**Required work:**
Return all the lines below exactly as written. Drop every picture.
..............................
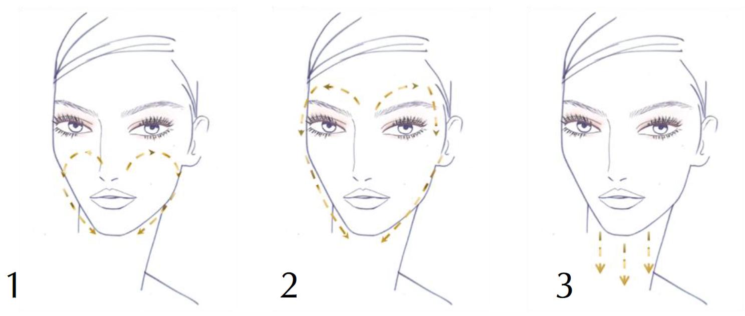 Start met het kleine hart: begin in het centrum van je gezicht en masseer naar je oren toe. Glij met je handen langs de zijkanten van je gezicht tot onder je kin om zo de hartvorm af te sluiten.
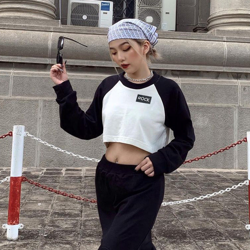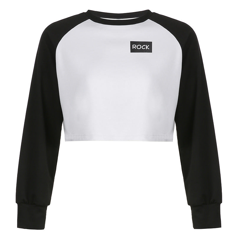 Suéter Corto Holgado Con Manga Raglán Simple En Blanco Y Negro
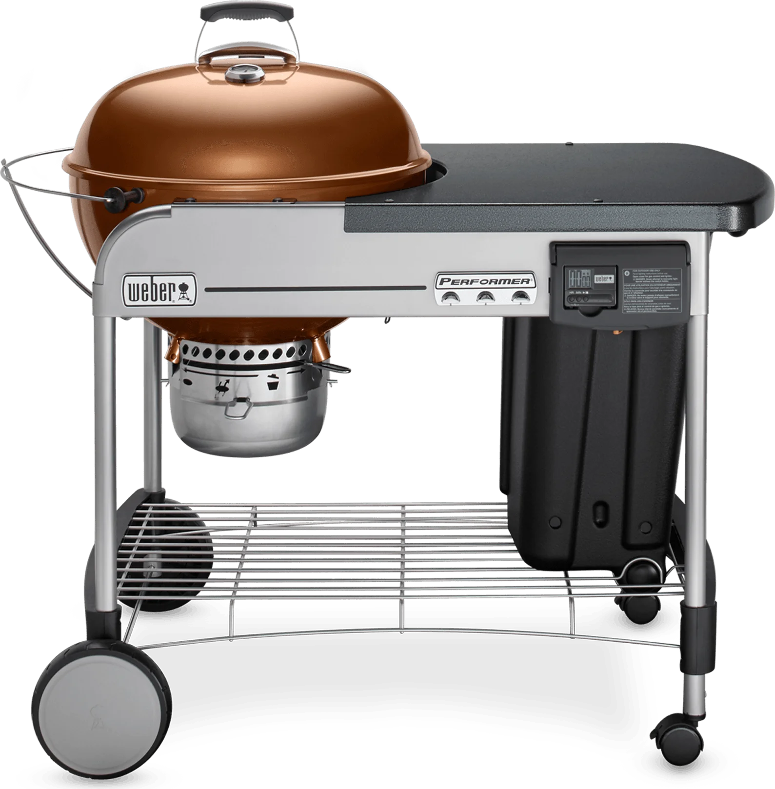 The electronic Touch-N-Go gas ignition system allows you to ignite charcoal with the push of a button
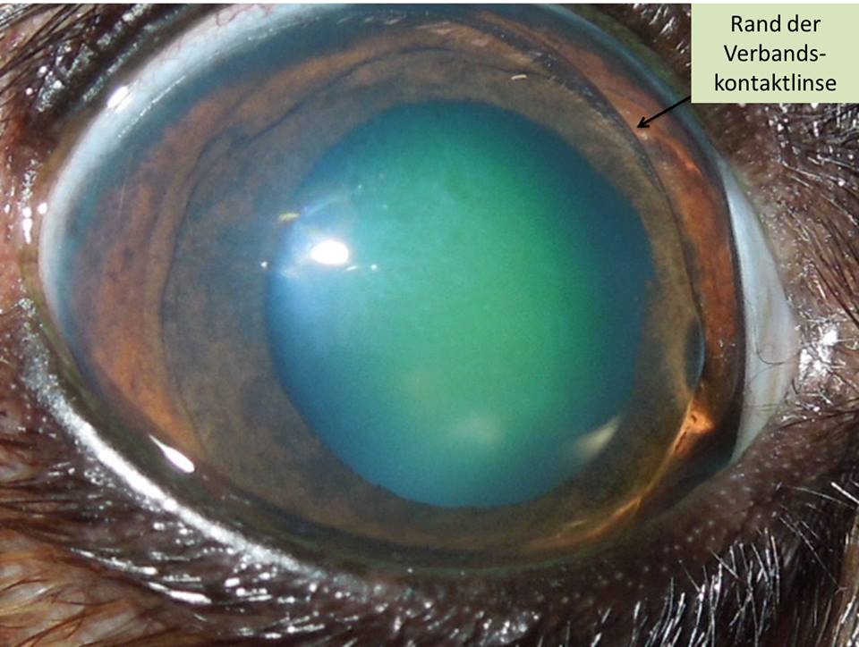 Hund nach Abrasio corneae und mit Verbandskontaktlinse
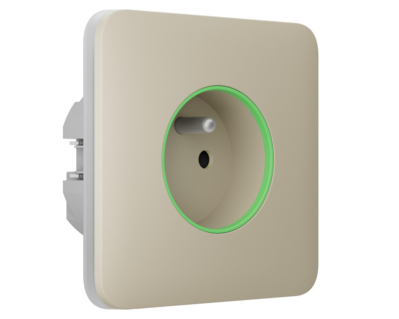 Chytrá zásuvka - čelní panel (outlet) umožňuje vzdáleně ovládat (spínat) připojené elektrické spotřebiče. Barevný LED indikátor signalizuje zatížení, zároveň je možné skrz aplikaci měřit spotřebu elektrické energie. Zařízení lze aktivovat manuálně v aplikaci, tlačítkem nebo automaticky při změně stavu zabezpečovacího systému – poplach, přednastavený harmonogram.
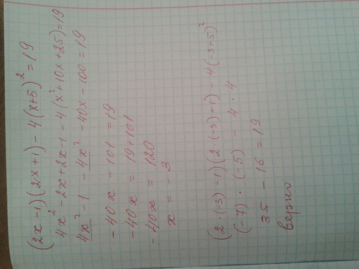 Ребят помогите пожалуйста только подробно распишите пожалуйста))))))) Решите уравнение (2x-1)(2x+1)-4(x+5)^2=19
..............................
**Answer to the problem:**
 Start met het kleine hart: begin in het centrum van je gezicht en masseer naar je oren toe. Glij met je handen langs de zijkanten van je gezicht tot onder je kin om zo de hartvorm af te sluiten.
 Suéter Corto Holgado Con Manga Raglán Simple En Blanco Y Negro
 The electronic Touch-N-Go gas ignition system allows you to ignite charcoal with the push of a button
 Hund nach Abrasio corneae und mit Verbandskontaktlinse
 Chytrá zásuvka - čelní panel (outlet) umožňuje vzdáleně ovládat (spínat) připojené elektrické spotřebiče. Barevný LED indikátor signalizuje zatížení, zároveň je možné skrz aplikaci měřit spotřebu elektrické energie. Zařízení lze aktivovat manuálně v aplikaci, tlačítkem nebo automaticky při změně stavu zabezpečovacího systému – poplach, přednastavený harmonogram.
 Ребят помогите пожалуйста только подробно распишите пожалуйста))))))) Решите уравнение (2x-1)(2x+1)-4(x+5)^2=19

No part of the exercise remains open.